Top
ETERNUS SF Storage Cruiser 14.0 User's Guide

8.1 Windows Displayed in the Event of a Fault and Troubleshooting

If a fault occurs on a device, an error description of the fault is output to the event log and device events in the resource view, the icon color of the device also changes to red [Error] or yellow [Warning] if the support level of the device is A or B. (The criteria of red and yellow color-coding depends on the device definition.) If this software can identify an access path affected by the fault, the access path status is changed to "Access Path Error" (red).

For a device whose support level is I, an error description of a fault on the device is not output to the event log and device events by default. Neither is the color of the device icon changed. However, if all of the following conditions are satisfied, it is possible to output an error description of the fault to the event log and device events and to change the color of the device icon:

According to the displayed status, take action in the sequence of steps below.
Incidentally, for middleware errors not involving server node HBA and multipath faults, only events are reported. To troubleshoot middleware errors, refer to the appropriate middleware manuals.

  1. If the storage system, library, or bridge is in the [Error] or [Warning] state:

    Double-click the storage system, library, or bridge on the GUI window to display the respective view. Right-click the icon of the target device, and select [Call management software] from the pop-up menu. From the Storage Maintenance window that is then displayed, identify the part of storage with the error. To replace the failed component, contact a FUJITSU engineer (CE) as necessary.

    If a channel adapter (CA) fails and Refresh is performed, "Error" is displayed for the CA in the "Storage view" (only for the ETERNUS and GR machines). Likewise, if a robot or tape in the library device fails and Refresh is performed, "Error" is displayed for the robot or tape (only for LT270/LT250/LT160).

  2. If [Error] or [Warning] is indicated for a Fibre Channel switch or hub:

    Double-click the Fibre Channel switch or hub on the GUI window to move to the Fibre Channel Switch/Hub view. Right-click the icon of target Fibre Channel switch or hub, and select [Call management software] from the pop-up menu. From the Device Maintenance window that is then displayed, identify the failed component of the Fibre Channel switch or hub. To replace the failed component, contact a FUJITSU engineer (CE) as necessary.

    If a port is in the abnormal state because of a GBIC or other some error, [Error] is indicated for the port in the Fibre Channel Switch/Hub view.
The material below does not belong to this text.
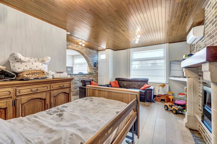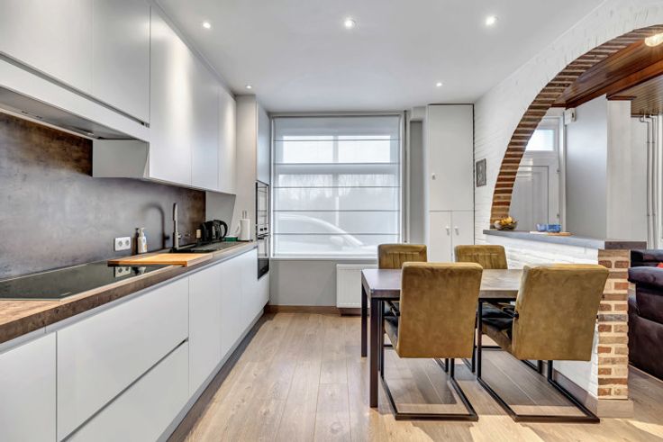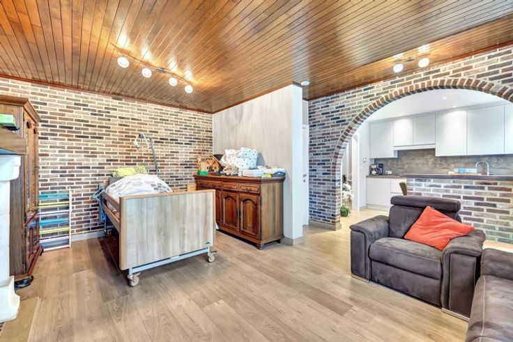 Voor meer info of een bezoek, bel 054 69 39 34 - In een doodlopende straat te Denderhoutem biedt Topo-Immo deze instapklare en energetische open bebouwing aan. Het pand werd in de loop der tijd volledig verbouwd en verkeert dus in uitstekende staat. Ideaal voor investeerders, jonge koppels of starters. Het gelijkvloers bestaat uit een living met salon en eetplaats, een vernieuwde keuken (+/- 2022) met eetplaats, een overloop, berging, toilet en garage. Het verdiep omvat een nachthal, drie ruime slaapkamers en een badkamer. Zolder aanwezig met uitvaltrap waar er nog extra ruimte kan gecreëerd worden. Tevens beschikt men over 3 autostaanplaatsen en aan de overzijde van de straat een volledig aangelegde tuin met tuinberging waar men tot rust komt. CV op stookolie - Buitenschrijnwerk in PVC met dubbele beglazing - Vernieuwd dak met isolatie (2007) - EPC B - Airco - Waterverzachter.

In this event, the status of the affected access path is displayed as [Access Path Error]. To identify the special file name affected (device file name), refer to the properties of the access path.

    If an access path is defined in the settings of an access path of this software, the zoning setting of the Fibre Channel switch is defined as WWPN zoning. Therefore, if a port of the Fibre Channel switch fails, the Fibre Channel cable connected to it can be reconnected to another Fibre Channel switch port, and operation can be restarted.

    Also, see "A warning for a device is displayed (in yellow)" in "4.2.1.3 Problem-handling (FAQ)".

  3. If a server node is in the [Error] or [Warning] state:

    Check the physical route of the access path indicated with [Access Path Error] in the "Server Node view" of this software. If no faulty device is on the route, check whether a Fibre Channel cable along the route is disconnected. If you cannot identify the cause, contact a FUJITSU engineer.

    On the server node that msdsm (the multi path driver that is built into Windows operating system since Windows Server 2008 by the standard) is set effectively the server node becomes [Warning] state even if the single path (access path that is not redundant configuration) exists. This depends on the msdsm specification. Because the information of the access path that corresponds to [Access Path Error] disappears from OS, this software cannot be distinguished from the single path. If access path is configured with the single path, set the msdsm ineffectively.

    Also, see "A warning for a device is displayed (in yellow)" in "4.2.1.3 Problem-handling (FAQ)".

  4. If an access path is in the [Access Path Error] state:

    Refer to the properties of the access path in the [Access Path Error] state as indicated in the "Server Node view", and identify the special file name affected. The affected special file name /dev/rdsk/cXtYd?s? of the Solaris OS can be identified by specifying X and Y, where X is the controller number of the HBA properties and Y is the target ID of the access path properties.

    [Solaris OS server node] For an access path configured using multipath disk control (ETMPD, MPLB, MPHD, and GRMPD), refer to multipath disk control manuals for information on taking action on the server node as described below. To replace an HBA, follow the HBA replacement procedure given below.

    Type of Multipath disk control

    Manual name

    ETMPD

    ETERNUS Multipath Driver User's Guide

    MPHD

    Multipath Disk Control Guide

    MPLB

    Multipath Disk Control Load Balance Option (MPLB) Guide

    GRMPD

    GR Multipath Driver User's Guide

    • Obtaining path statuses (iompadm info)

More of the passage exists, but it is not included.